TikaWeeks #13/2023: Sri Lanka & Maldives update
Posted by John on 27th March 2023
BREAKING NEWS. We are now collaborating with Tropic Breeze on our Sri Lanka and Maldives holidays. Tropic Breeze is a UK-based travel specialist to Maldives, the Caribbean, Seychelles and Mauritius, and we have been working with them in Maldives for the last nine years. We believe that this is the best way forward for Tikalanka and our valued customers after a few very difficult years. We are now in a strong position to look to the future with renewed confidence.
Tropic Breeze takes all bookings and payments, including by credit card, for our holidays as well as arranges flights, if required. Their holidays are fully bonded and protected, whether booked with flights via ATOL 5615 or for accommodation only holidays with ABTOT 5500, which means that your Tikalanka holiday is safe and secure.
From our side, nothing has changed. I front Tikalanka from the UK, although now as an independent travel consultant through Tropic Breeze, and Pathi delivers our holidays in Sri Lanka with the same team of expert guides.
The Pekoe Trail – Stage 3: Loolecondera to Thawalanthenna
This challenging 17.9-km trail takes around 6 hours from point-to-point and begins at the small bridge over the Ma Oya on the Loolecondera Estate. In the first hour of this stage, you gain 250 metres in elevation and the initial stretch is quite steep. As you progress along the trail you see a colourful Hindu Kovil and the Loolecondera Estate Bungalow below.
The next 3.5 km is a gentle climb on some of the prettiest and most historically significant tea trails in Sri Lanka and, if you feel like, you may take a short side trip down to see the lovely rock pools in the river below. A gentle uphill zig-zag takes you into the upper divisions of the estate, where there are fabulous views of a pine forest and rock formations. The further you climb the more remote it feels.
Leaving the last tea fields of the Loolecondera Estate behind, the trail enters a typical Sri Lankan ‘jungle’. The first 500 metres follows an uphill track onto the old and forgotten Dimbula Road, built by British engineers over 150 years ago to connect Kandy with the valleys beyond so that tea could be planted. This trail was meant for horses and bullock carts but it is now lost in time and completely taken over by the jungle.
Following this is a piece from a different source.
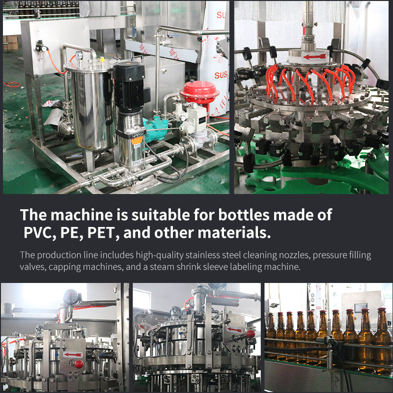 The filling system employs the isobaric (pressure-equalizing) filling principle, ensuring fast and stable operation, precise liquid levels, and sufficient carbonation. Compared to similar equipment, our product offers higher production capacity, stable and safe operation, low failure rates, a high degree of automation, and cost-effectiveness.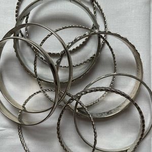 Add the final touch to your perfect outfit with these stackable silver bracelets.

At 4.7 km, the trail continues over the pass into the Stellenberg Estate, which looks south across Kotmale and the Rilagala Mountain Range in the distance. On a clear day, you should be able to see Adam’s Peak on the horizon. The next 4.5 km follows reasonably flat estate roads heading south towards the Helbodde Tea Factory.
After 10 km, the tea trail turns onto a very poorly maintained small tarmac road, and at the 10.5 km point leaves the tarmac road and continues straight ahead before beginning to descend, zig-zagging down between a forest and tea fields. The views in front of you are truly magical – the shimmering Kotmale Reservoir lies directly ahead.
Over the next 6 km, the trail loses 500 metres in elevation as you descend to Thawalanthenna. You will see the Ramboda pass and waterfalls ahead and the Gampola-Nuwara Eliya road snaking up the mountain. The end of this section of the trail is the point at which you cross the main road.